DIRECTIONS: Set down exactly the lines in the records below that run from the line with "New Haining genuine" to the line with "Vor ein paar", inclusive, and nothing more.

INFORMATION SHOWN:
....................
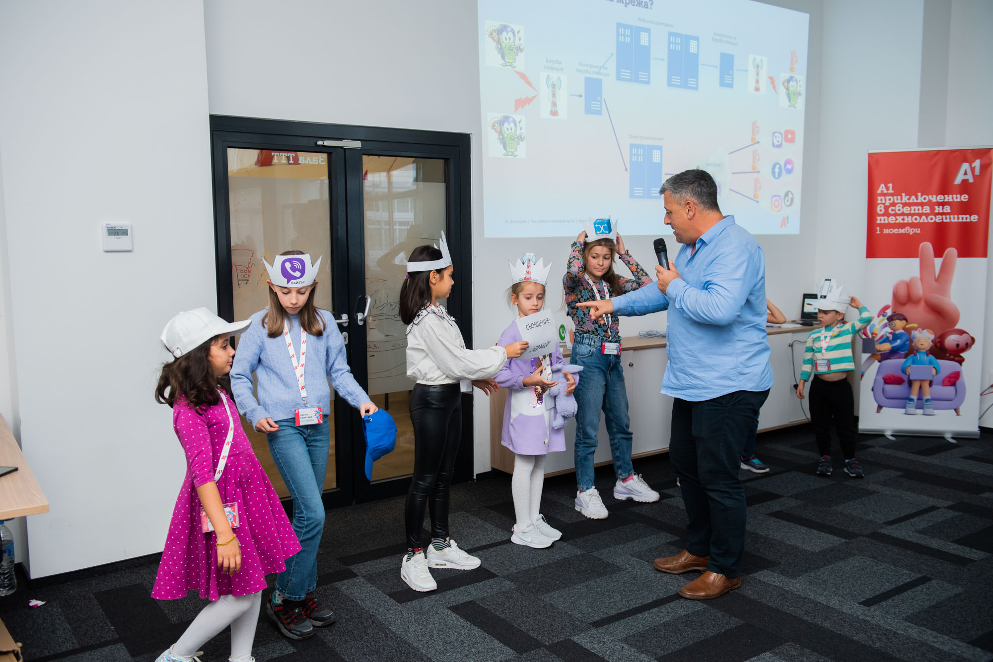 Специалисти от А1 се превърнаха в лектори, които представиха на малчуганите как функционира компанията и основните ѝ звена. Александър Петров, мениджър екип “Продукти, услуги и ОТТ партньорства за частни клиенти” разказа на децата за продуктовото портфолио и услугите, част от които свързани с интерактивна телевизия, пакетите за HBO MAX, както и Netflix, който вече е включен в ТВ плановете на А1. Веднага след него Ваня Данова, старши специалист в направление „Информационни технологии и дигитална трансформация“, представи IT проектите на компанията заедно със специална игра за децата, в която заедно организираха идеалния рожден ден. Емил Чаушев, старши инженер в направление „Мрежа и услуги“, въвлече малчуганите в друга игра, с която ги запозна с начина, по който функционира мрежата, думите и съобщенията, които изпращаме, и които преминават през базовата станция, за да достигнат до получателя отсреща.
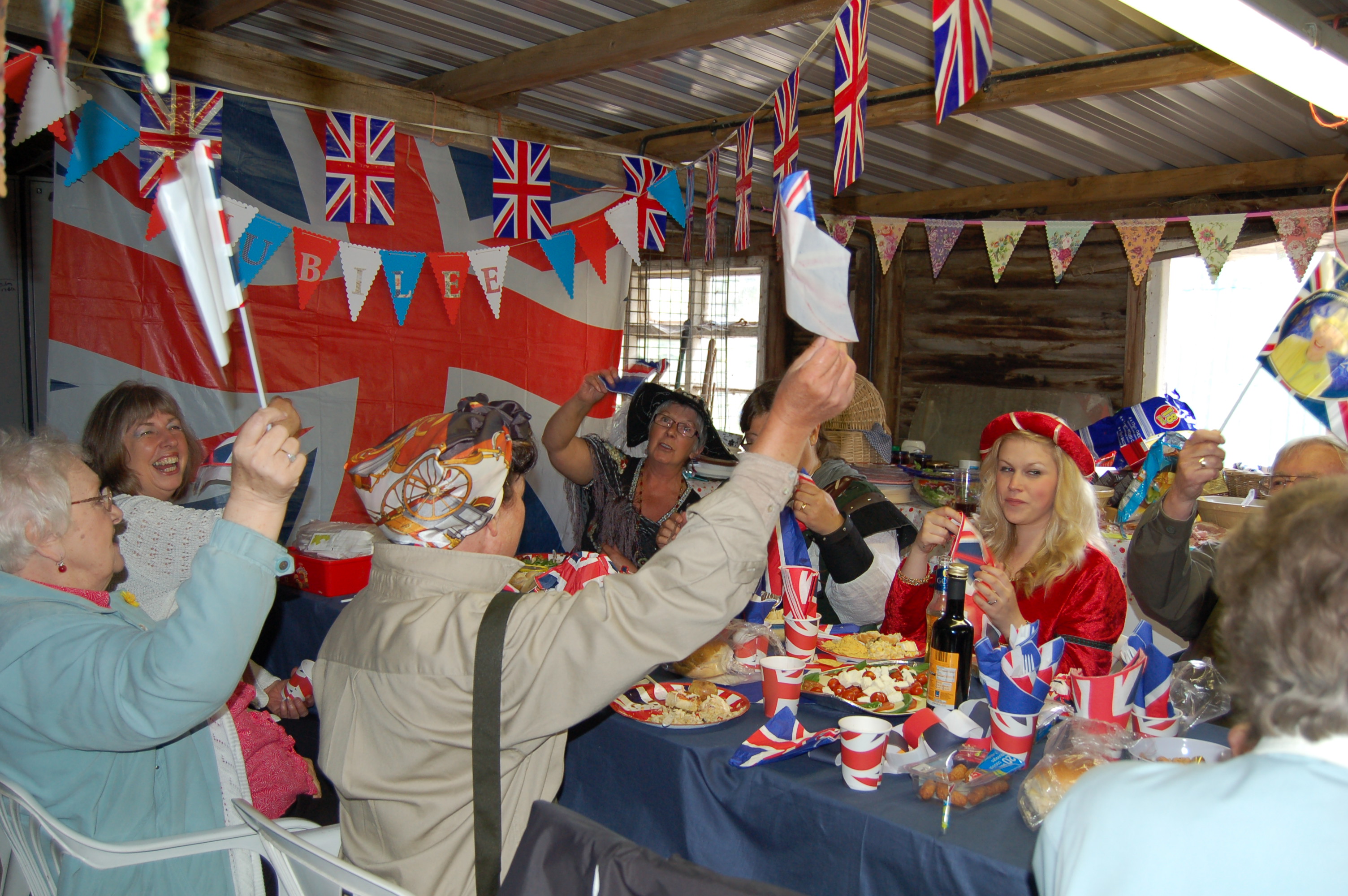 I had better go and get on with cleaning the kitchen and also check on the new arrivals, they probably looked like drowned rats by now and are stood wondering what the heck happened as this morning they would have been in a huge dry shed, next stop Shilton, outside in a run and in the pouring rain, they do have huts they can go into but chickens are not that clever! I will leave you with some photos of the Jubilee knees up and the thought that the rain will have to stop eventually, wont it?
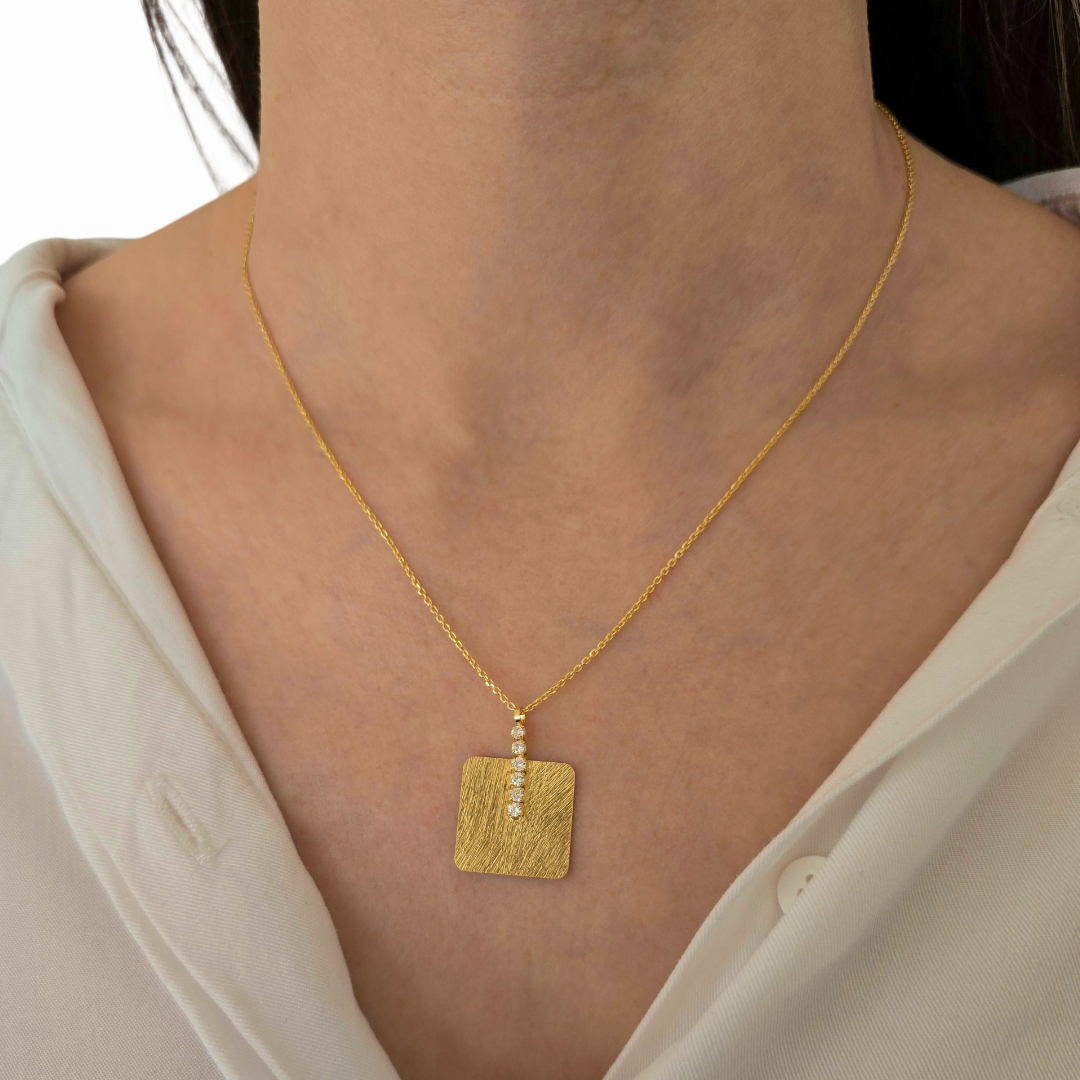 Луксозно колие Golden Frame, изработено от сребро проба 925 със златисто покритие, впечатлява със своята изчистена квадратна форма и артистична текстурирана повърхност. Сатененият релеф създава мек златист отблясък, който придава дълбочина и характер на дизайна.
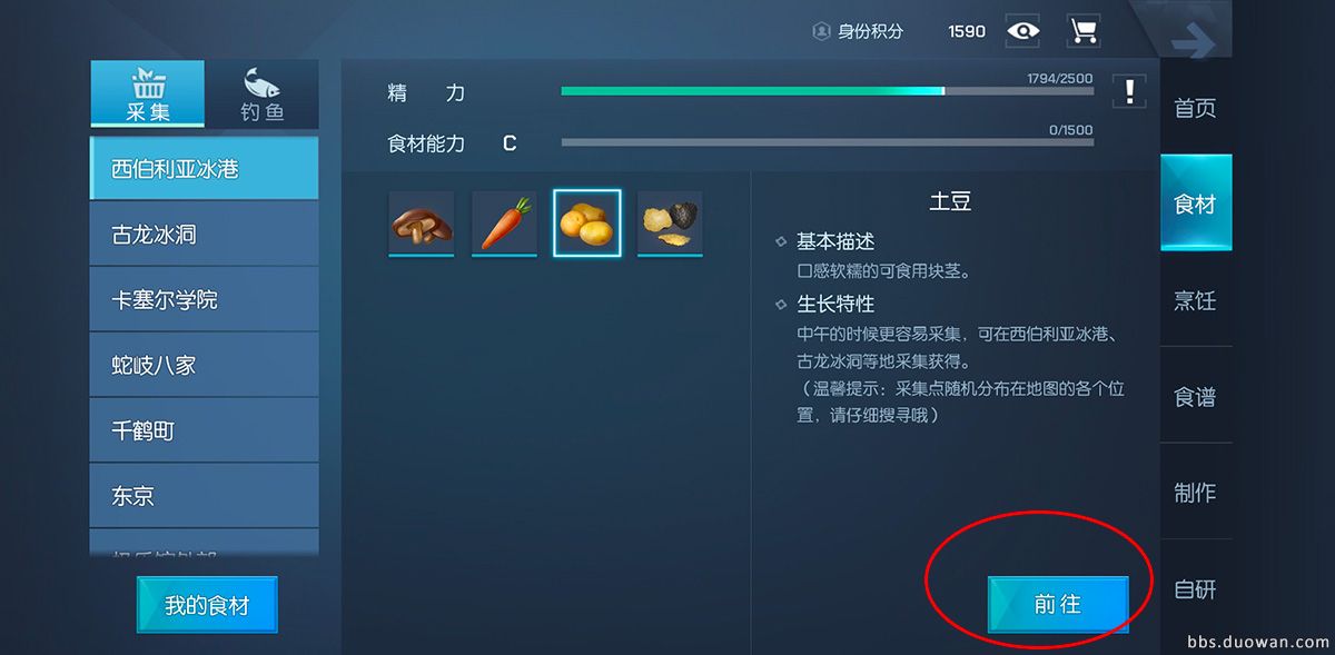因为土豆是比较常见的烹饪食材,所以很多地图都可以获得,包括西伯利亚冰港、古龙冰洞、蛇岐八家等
....................
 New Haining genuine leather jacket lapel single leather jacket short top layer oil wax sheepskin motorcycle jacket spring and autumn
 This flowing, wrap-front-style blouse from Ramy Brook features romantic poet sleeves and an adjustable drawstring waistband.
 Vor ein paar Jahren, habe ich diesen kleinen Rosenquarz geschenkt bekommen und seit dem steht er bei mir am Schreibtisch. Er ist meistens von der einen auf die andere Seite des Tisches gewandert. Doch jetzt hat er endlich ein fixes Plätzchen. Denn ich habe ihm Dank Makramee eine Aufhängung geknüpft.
....................
WRITTEN RESPONSE:
 New Haining genuine leather jacket lapel single leather jacket short top layer oil wax sheepskin motorcycle jacket spring and autumn
 This flowing, wrap-front-style blouse from Ramy Brook features romantic poet sleeves and an adjustable drawstring waistband.
 Vor ein paar Jahren, habe ich diesen kleinen Rosenquarz geschenkt bekommen und seit dem steht er bei mir am Schreibtisch. Er ist meistens von der einen auf die andere Seite des Tisches gewandert. Doch jetzt hat er endlich ein fixes Plätzchen. Denn ich habe ihm Dank Makramee eine Aufhängung geknüpft.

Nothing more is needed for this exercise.